Behaviour of Tributylamine as Entrainer for the Separation of Water and Acetic Acid with Reactive Extractive Distillation

A new separation method, reactive extractive distillation, was put forward for separating water and acetic acid. The separation mechanism was analyzed through infrared spectra technique. Isobaric vapor-liquid equilibrium (VLE) data at 101.33 kPa for the binary or ternary systems consisting of water, acetic acid and tributylamine were measured. The activity coefficients were correlated by using Wilson, NRTL, and UNIQUAC Equations.The VLE experiment showed that tributylamine could enhance the relative volatility of water to acetic acid. An extractive distillation experiment was carried out and proved that tributylamine was a good extractive solvent.

Solvent Selection for Extractive Distillation by the Universal Quasichemical Functional Group Activity Coefficient(UNIFAC) Group Contribution Method

A method to select solvent for extractive distillation is proposed by UNIFAC group contribution. Solventselectivity can be divided into two parts: the partial combinatorial solvent selectivity and the partial residual solventselectivity. The properties of partial combinatorial and residual solvent selectivity are demonstrated. In most cases,the partial residual solvent selectivity is predominant. The candidate groups of solvent can be selected by groupinteraction parameter using UNIFAC group interaction parameter table as a guide.

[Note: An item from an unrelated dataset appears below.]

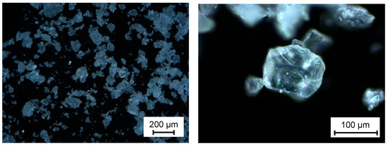 Epoxy powder was supplied by ÉireComposites Teo. (Galway, Ireland), under the product number GRN 918. Note, this was the same epoxy powder used in other works [14,20] under its original product number PE6405. Optical micrographs of the epoxy powder are shown in Figure 2, as well as the differential volume distribution of particle sizes. Optical microscopy was performed using a Zeiss Axioskop 2 (Zeiss, Cambridge, UK) fitted with an AxioCam MRc 5 camera (Leica Microsystems, Milton Keynes, UK). The particle size analysis was performed using a Beckmann Coulter LS100, which uses laser diffraction to measure grain sizes in a liquid suspension. For mechanical testing, the epoxy powder was combined with a 1200 g/m2, stitched unidirectional glass fabric (UD-GF) supplied by Johns Manville (Denver, CO, USA).

Conceptual design of an extractive distillation process for the separation of azeotropic mixture of n-butanol-isobutanol-water

In many chemical processes, large amounts of wastewater containing butanol and isobutanol are produced.Given that n-butanol-isobutanol-water can form triple azeotrope, high-purity butanol cannot be recovered from the wastewater by ordinary distillation. To economically and effectively recover butanol from this kind of wastewater, 1,4-butanediol is selected as an extractant to break the formation of the azeotropes, and a doubleeffect extractive distillation process is proposed. The conceptual design of the proposed process is accomplished based on process simulation. With the proposed process, the purity of recovered butanol and water is greater than 99.99 wt%. In comparison with the conventional azeotropic distillation process, economic analysis shows that the operating cost of the proposed process is lower: when the capacity of wastewater treatment is 100 t·h^(-1), the total operating cost decreases by 5.385 ×10~6 USD per year, and the total annual cost of the new process decreases by 5.249 ×10~6 USD per year. In addition, in the extractive distillation system, variable effects on separation purities and cost are more complex than those in the ordinary distillation system. The method and steps to optimize the key variables of the extractive distillation system are also discussed in this paper and can provide reference for similar studies.